> **Dataset excerpt**
==========

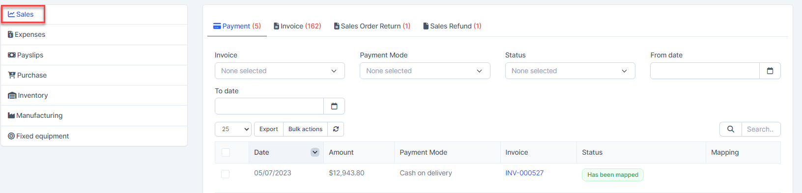 After the payment is created successfully, the payment is automatically mapped, you can check the payment is mapped or not at Transactions menu -> Sales -> Payment
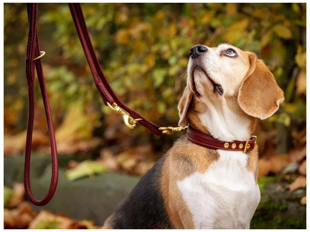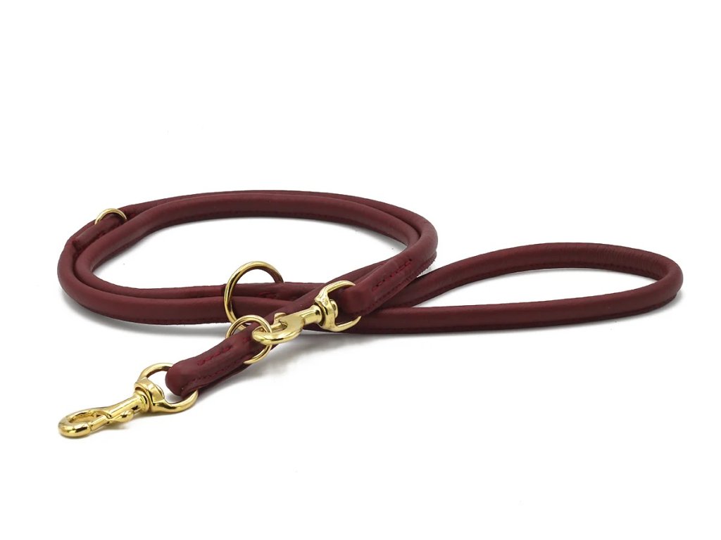 Kožené vodítko pro psy kulaté bordó/zlaté kování
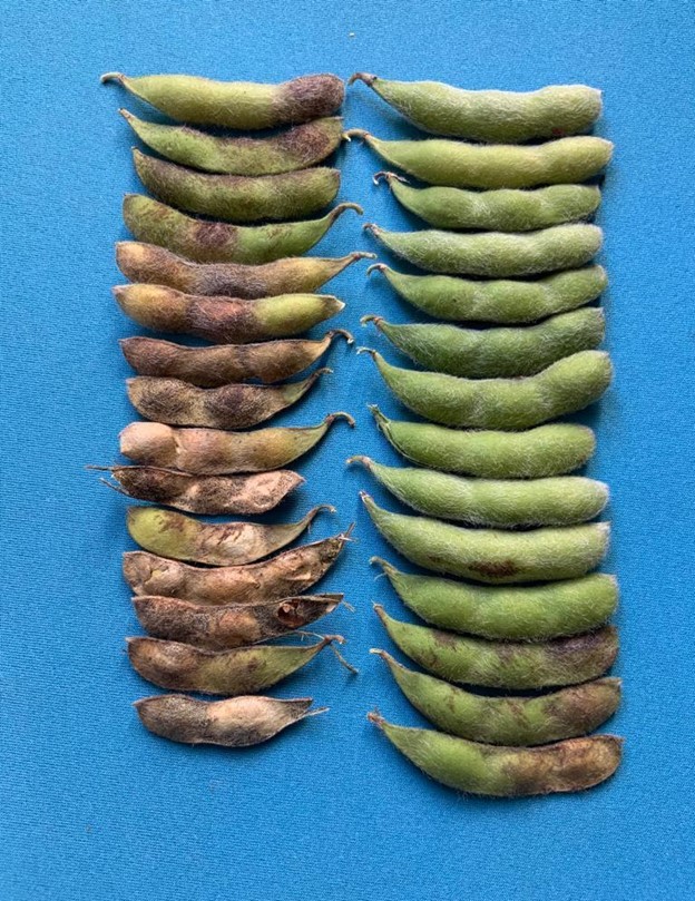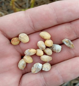 Foi constatado que os grãos dentro das vagens deterioradas apresentavam índices de enrugamento, resultado da exposição das plantas às condições de oscilação de temperaturas durante a fase de enchimento de grãos. Esse enrugamento normalmente é mais intenso sob déficit hídrico, mas pode também ocorrer em condições normais de disponibilidade hídrica. O enrugamento afeta drasticamente a qualidade dos grãos e das sementes. Além disso, propicia a infecção secundária por doenças dos grãos (Phomopsis spp.), o que pode propiciar o apodrecimento das vagens, principalmente em situações de ocorrência de chuvas frequentes em pré-colheita.

==========

> **Activity**
Type out the data above again exactly as written, minus the images.

> **Finished task**
 After the payment is created successfully, the payment is automatically mapped, you can check the payment is mapped or not at Transactions menu -> Sales -> Payment
 Kožené vodítko pro psy kulaté bordó/zlaté kování
 Foi constatado que os grãos dentro das vagens deterioradas apresentavam índices de enrugamento, resultado da exposição das plantas às condições de oscilação de temperaturas durante a fase de enchimento de grãos. Esse enrugamento normalmente é mais intenso sob déficit hídrico, mas pode também ocorrer em condições normais de disponibilidade hídrica. O enrugamento afeta drasticamente a qualidade dos grãos e das sementes. Além disso, propicia a infecção secundária por doenças dos grãos (Phomopsis spp.), o que pode propiciar o apodrecimento das vagens, principalmente em situações de ocorrência de chuvas frequentes em pré-colheita.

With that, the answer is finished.